Eu também já vi um dragão, tenho 12 anos mas não sou louco, ja vi com os meus próprios olhos, vou contar a minha história, estava tocando guitarra com o meu amigo no meu quarto, onde a janela estava aberta, eu estava olhando para o céu, la onde vi uma mancha vermelha, parecida com a fisionomia de um dragão, fiquei paralisado. Fui correndo contar para a minha família, achavam que eu estava louco, mas eu não estava, um dia depois eu fui procurá-lo pela cidade, mas não encontrei ele na parte urbana, que eu ja tinha um pouco de certeza que ele não iria aparecer nesta área.
No outro dia eu fui no sítio do meu avô, não fica muito longe da cidade, ele me levou até a lavoura e ficou no carro, eu fui andando até longe, antes meu avô me dissera que parte muito grande de seus feijões estava destruida, eu fui investigar o local, lá eu vi a prova, um dragão, vermelho grande, como eu já avia visto, eu pirei, fui correndo contar para o meu avô, ele não acreditou, novamente, mas um dia depois meu outro primo também afirmou ter visto um igual ao meu, acredito que era o mesmo, todos pensaram que duas pessoas terem visto o mesmo dragão, isto não era loucura, era verdade.
Todos os dias desde ai eu vou procurar o dragão, mas nunca mais apareceu, fiquei triste mas não perdi as esperanças.

9 04 2008
Freudson

Nobre Solano,

Por que a necessidade de dizer que não é louco?
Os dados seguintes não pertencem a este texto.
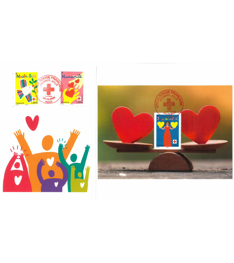 2 cartes postales avec les 3 timbres du bloc, oblit PJ Paris 24/10/2025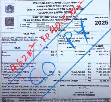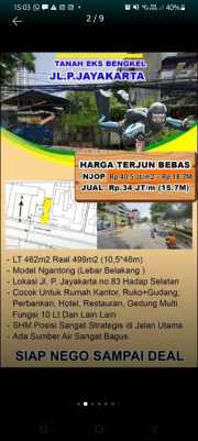 Sold below NJOP PLOTTED LAND on the side of a main road in CENTRAL JAKARTA, SUITABLE FOR SHOPHOUSES, can BUILD a 10-STOREY BUILDING Land Area 462m² (10.5 x 46) (Actual approx. 499m² (approx. width * 46m)) Pocket-shaped model (larger area at the back) SHM Certificate, Facing South, Suitable for Office House, Shophouse, Banking Building, Hotel, Multi-Function Building (e.g., 1st Floor Showroom, 2nd Floor Banking, 3rd & 4th Floors Offices, 5th Floor up Transit Warehouse & Residence). *Sold below NJOP Rp. 34 million/m²* NJOP Price Rp. 40.5 million/m² Contact *Lindawati* 081388-602-xxx Atlantis Realty

Não precisa.
Afinal de contas, existem, como disse, metaforicamente, dragões em nós mesmos. Forças que desconhecemos, mas que se apresentam em horas determinadas.
Quanto a ver um dragão de verdade, creio que possa (eu disse POSSA!) ter sido qualquer outro animal. A nossa fauna é imensamente rica e quando somos da cidade qualquer coisa parece estranha.
Ver ou deixar de ver qualquer coisa não significa que você é “louco”… Já diria Caetano Veloso que “de perto ninguém é normal”, o que atesta a psicopatologia contemporânea. Em poucas palavras, “não fique preocupado com isso”!
Caso fique… O que eu duvido, procure ajuda!
Garanto que no seu colégio tem uma psicóloga com quem você pode falar e ela certamente vai entender!

Abraço Solano!!!

J.

18 03 2011
Diogo

Eu vi! (…)

4 02 2012
Luis Oliveira

Meu pai e minha madrinha juram ter visto um a aproximadamente 27 anos atras .! eles disem que ele foi levar ela até a “patente” E viram um Animal muito grande voando e com fogo na boca! os dois juram ter visto… nao sei dizer se acredito mas minha madrinha nao custuma mentir =x

5 02 2012
Freudson

Nobre Luis,
O escrito tem um sentido metafórico…
Os dragões são seres mitológicos para respostas heurísticas.